Datadog, Reframed: A Simple Way to Think About Agents, Pipelines, Indexes, and More

#datadog #observability #monitoring

This is Part 2 of 3 in the Filters series.

In Part 1, I introduced the Presentation Filter: how Datadog shows data back to users.

Datadog has a lot of products. Agents, tracing libraries, RUM SDKs, AWS integration, log pipelines, retention filters… the list goes on.

It’s not easy to remember how all of these pieces fit together.

That’s where the Filters idea comes in.

In my previous post, I introduced this mental model and zoomed in on the Presentation Filter.

Now, let’s move on to the second one: the Collection Filter.

What’s the Collection Filter?

A Filter is not about a whole product, but about the part of its functionality that plays a certain role.

The Collection Filter is about how data makes its way into Datadog.

It covers the features that gather, refine, and shape signals before they’re stored and shown.

I like to think of data collection in three phases:

Ingestion → bringing signals in.
Enrichment → shaping context so the data makes sense (adding what’s missing, removing what doesn’t belong).
Reduction → trimming or transforming data to keep things practical.

Phase 1: Ingestion

Responsibility: get signals from your systems into Datadog.

Examples: the Datadog Agent on hosts and containers, tracing libraries inside applications, the Lambda Forwarder, RUM SDKs, AWS integration, synthetic bots, private locations, Workflow Automation (when it’s used to gather data), or even custom API calls.

Why it matters: without ingestion, there’s nothing to observe. These components sit close to your systems and act as the first touchpoint for your telemetry.

Phase 2: Enrichment

Responsibility: adjust telemetry so it carries the right context — by adding what’s missing and removing what doesn’t belong.

Examples: log pipelines, event pipelines, and Sensitive Data Scanner, which strips out credentials or personal information so only meaningful context remains.

Why it matters: telemetry without context is just noise. Enrichment makes the data actionable by adding what was missing, and tools like Sensitive Data Scanner make it safe and clean by removing details that aren’t needed. Together, they ensure the data is complete, relevant, and trustworthy.

Phase 3: Reduction

Responsibility: manage volume and cost by filtering, sampling, or transforming data.

Examples: log indexes, generate metrics, APM retention filters, RUM retention filters, tag configurations for metrics.

Why it matters: collecting everything forever is ideal in theory, but rarely possible in practice. Reduction features give you levers to control scale and budget while still keeping the insights you need.

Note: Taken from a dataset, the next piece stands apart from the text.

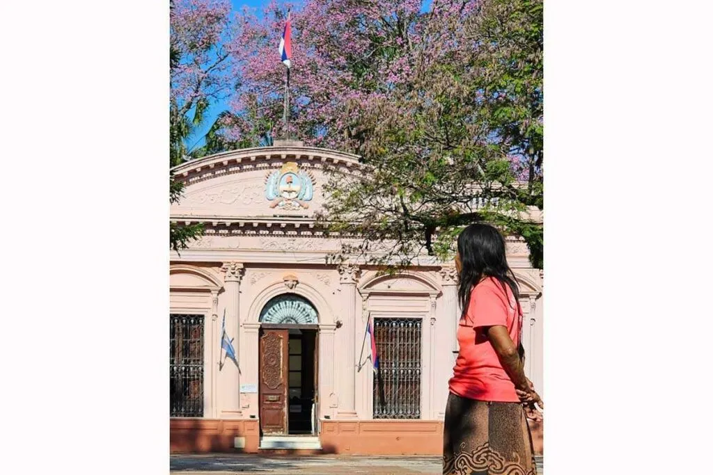 Una foto que dice mucho. De un lado, la imagen institucional de la Casa de Gobierno que representa silencio, abandono, desidia y promesas incumplidas. Del otro —representado por una mujer Mbya en actitud serena pero firme— un pueblo ancestral que resiste. Con paciencia, pero con firmeza. Que lucha por el reconocimiento de sus derechos en un sistema que se edificó negándolos.

Trade-off: reduction always means some loss of fidelity. The art is to reduce smartly, without cutting away the signals you’ll need later.

Why This Model Helps

Looked at by product name, features like pipelines, indexes, or SDKs can feel scattered.

But through the Collection Filter, they form a simple flow: ingest → enrich → reduce.

This also highlights priorities:

Ingestion and enrichment are essential. They make observability possible.
Reduction is optional. It’s the set of knobs you turn to keep data useful and affordable.

So instead of asking, “Which product does what?”, you can ask:

What data do I need to know my system is healthy, and to find the root cause when it isn’t?

Once that’s clear, you can decide which ingestion, enrichment, and reduction features to use.

Closing Thoughts

This is the second post in the Filters series.

We’ve now covered Presentation and Collection — how data is shown, and how data gets in.

Next up is the Execution Filter, which focuses on how Datadog takes action on your systems.

That one will be shorter, but it completes the picture.

I’d love to hear your thoughts: does the Collection Filter help make Datadog easier to navigate?